• _PROBLEM TO SOLVE_:
Print every line from the start of the data, and when you reach the line with "Арматура из металла", include it and stop. Pictures are not part of the copy.

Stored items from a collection
= = = = =

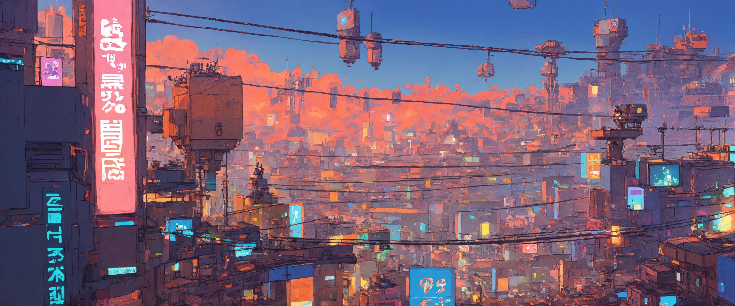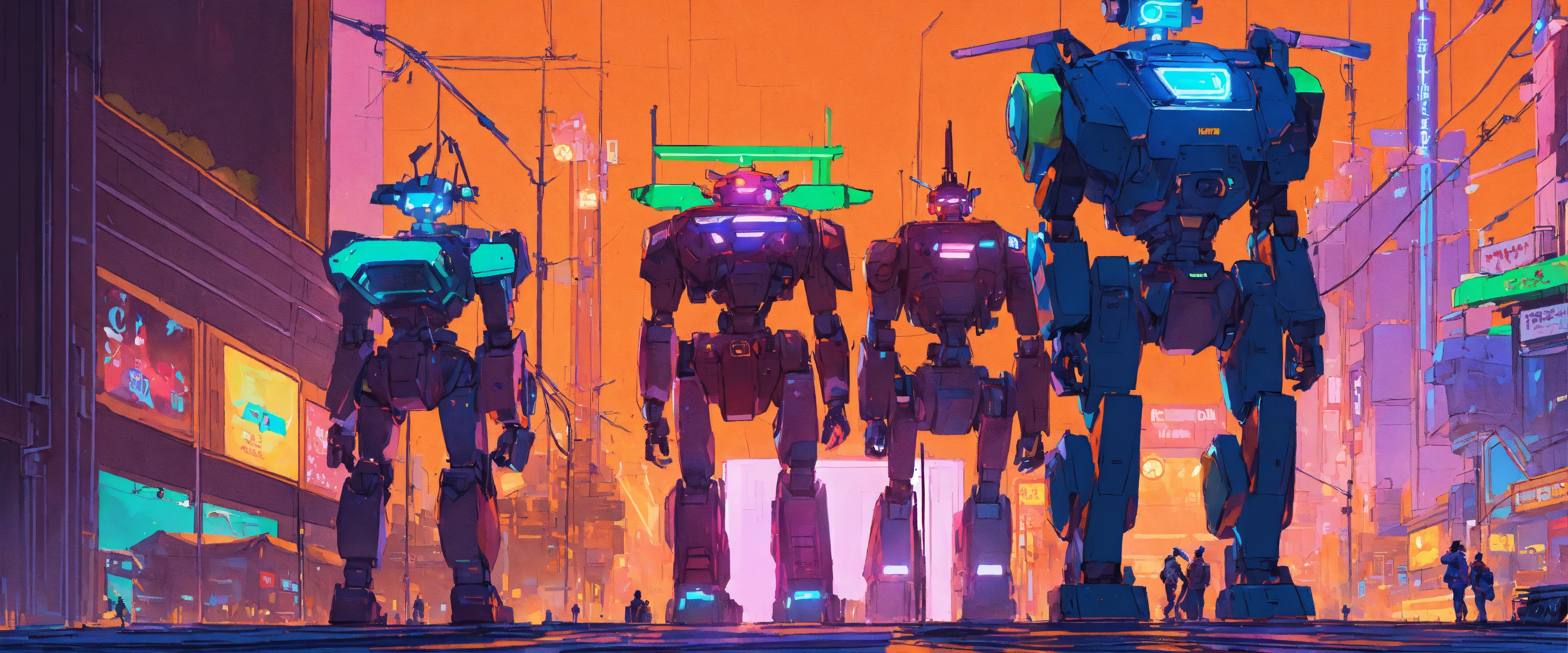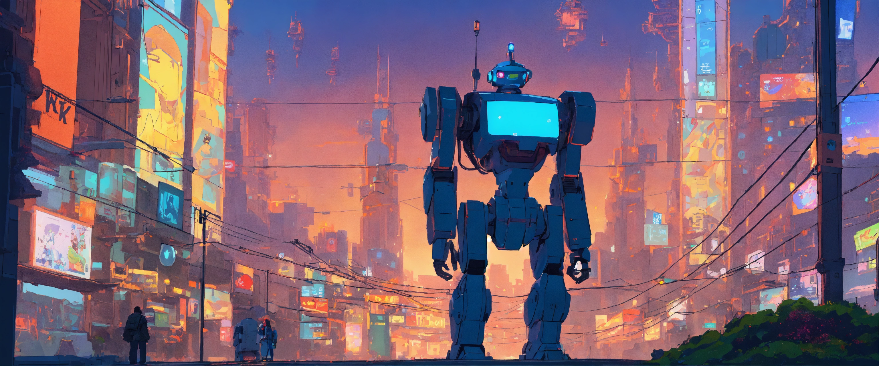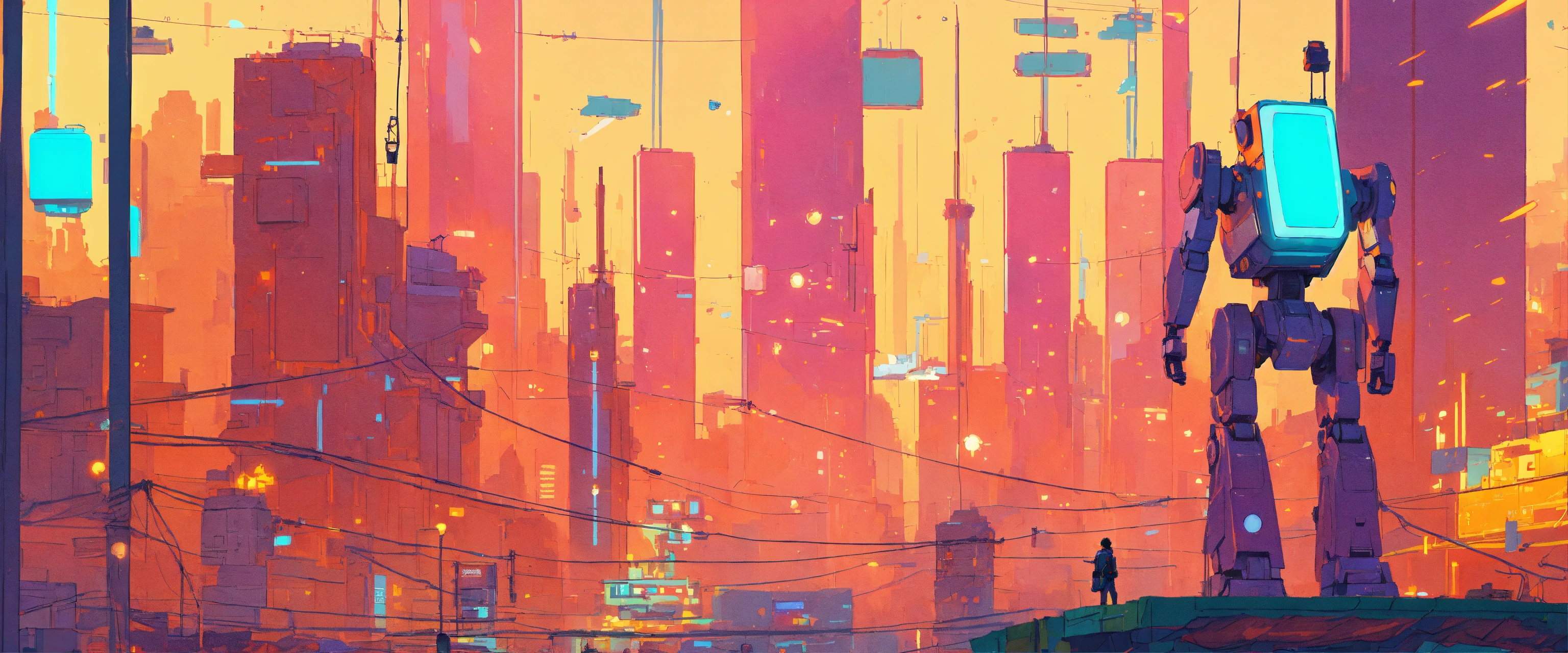 Photo of hero robots looking a big screen, a box in the air with strings, futurustic robot city, style of laurie greasley, studio ghibli, akira toriyama, james gilleard, genshin impact, trending pixiv fanbox, acrylic palette knife, 4k, vibrant colors, devinart, trending on artstation, low details
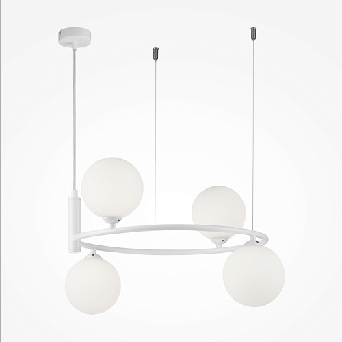 Арматура из металла в трех оттенках: белый, черный, латунь. Плафоны-сферы закреплены на округлом металлическом каркасе. Материал плафонов — выдувное стекло, цвет — белый. Высота подвесных моделей регулируется.
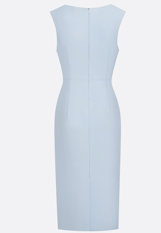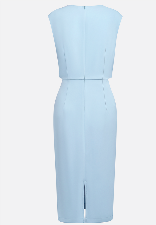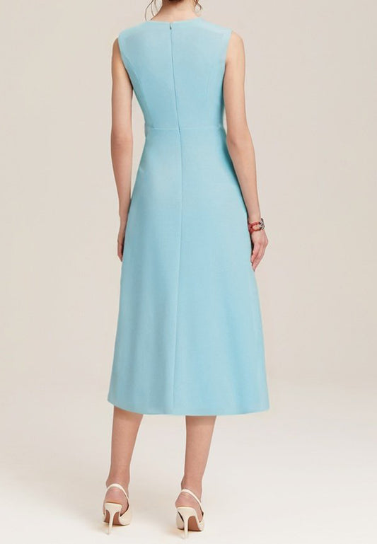 Light Blue Sleeveless Midi Elegant A-line Dress with Waist Twist for Day-to-Night
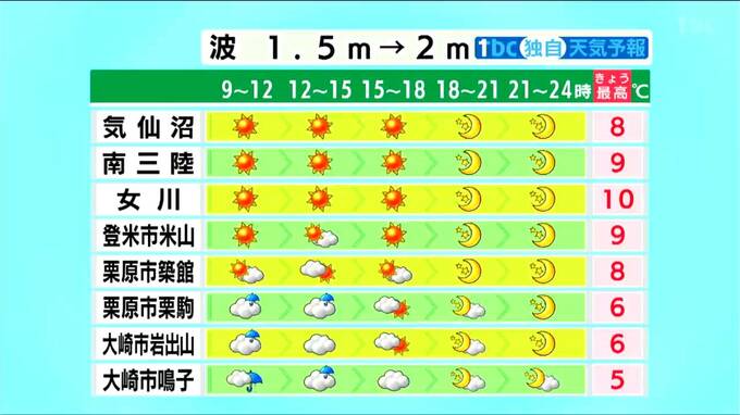 ■女川:最高気温10℃ ■登米市米山:最高気温9℃
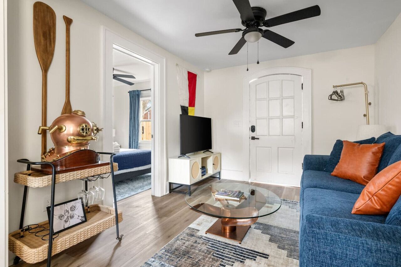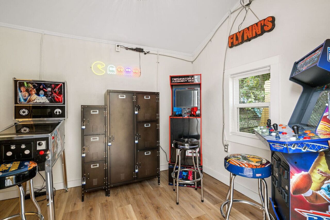 1910 Calvert - Unit B 1BR Welcome to our AirBnB in North Charleston located just 10 minutes from historic Downtown Charleston. It's also conveniently located next to Park Circle, Tanger Outlets, and the Charleston International Airport. This is the perfect rental for exploring all that Charleston has to offer! You’ll find out quickly why Charleston has been voted #1 City in the U.S. by Conde Nast and Travel + Leisure.Welcome to Calvert Street! This listing is for a 1 bedroom apartment behind the main house on the property. As you step inside you are in the living room, and around the corner you will find the kitchen. The bedroom is near the front of the apartment and has a queen bed and an ensuite bathroom. The fully equipped kitchen features all the amenities you'll need to cook up a delicious meal, including a refrigerator, stove, oven, and microwave. There's also plenty of counter and cabinet space for all your cooking needs.The bedroom is cozy and comfortable, with room for you to spread out. The apartment is tastefully decorated and features a comfortable bed and large windows that let in plenty of natural light.Outside you have the seating area to hang out, and the backyard with access to the arcade room. Features:Bedroom: Queen Bed with ensuite bathroom Living Room with sleeper sofa Kitchen Off Street Parking Outdoor area with seating Access to Shared Laundry RoomAccess to Arcade RoomWe look forward to hosting you in Charleston!Perks of Booking with The Boroughs.. Our team is dedicated to ensuring you have everything you need to make the most of your stay in our beloved city. When you make a reservation, you'll receive a wealth of resources, such as guidebooks and dining suggestions, as well as exclusive discounts at various local businesses. Additionally, we're excited to provide another enticing benefit – all guests of The Boroughs gain access to Paradiso at reduced rates.Paradiso is a private club in the Mixson neighborhood near Park Circle, offering exclusive discounted access for The Boroughs' guests, including the pool, gym, wellness classes, co-working, dining, poolside cabana reservations, social events, and live music. Day passes and cabanas have associated fees.Two weeks before your reservation date, all guests of The Boroughs will be provided with a one-pager that includes booking information to reserve access to Paradiso. Reservations need to be made 24 hours in advance with guest information. Please Note*: Paradiso is a private membership based club and access is not guaranteed.I will be available for whatever you may need as I live very close to the property. I will very likely be in the Charleston area as well, but it not, I can still provide guidance or recommendations for activities you may be interested in.The Charleston Heights neighborhood is conveniently located close to everything! It is less than 10 minutes to Downtown Charleston, 7 minutes to the heart of Park Circle, and roughly 20 minutes to Sullivans Island where you can access one of Charleston's best beaches. Very close by in Charleston Heights is Rebel Taqueria, a great dive bar serving up all your taco cravings. Also catch a show at Firefly Distillery or one of the cool events at Riverfront Park, both just 5 minutes away!7 minutes to Park Circle. 10 Minutes to Downtown. 15 Minutes to the Airport. 20 minutes to Sullivans Island. 40 Minutes to Isle of Palms.-Complimentary Free WiFi-Hotel Quality Bath Amenities (shampoo, conditioner, hand soap, body wash, lotion)-Dish/Laundry Detergents-Hair Dryer/Iron-Towels/Linens-Basic Cooking/Kitchenware-Washer/Dryer-Pets Allowed at No Charge!

= = = = =

• _RESPONSE AREA_:
 Photo of hero robots looking a big screen, a box in the air with strings, futurustic robot city, style of laurie greasley, studio ghibli, akira toriyama, james gilleard, genshin impact, trending pixiv fanbox, acrylic palette knife, 4k, vibrant colors, devinart, trending on artstation, low details
 Арматура из металла в трех оттенках: белый, черный, латунь. Плафоны-сферы закреплены на округлом металлическом каркасе. Материал плафонов — выдувное стекло, цвет — белый. Высота подвесных моделей регулируется.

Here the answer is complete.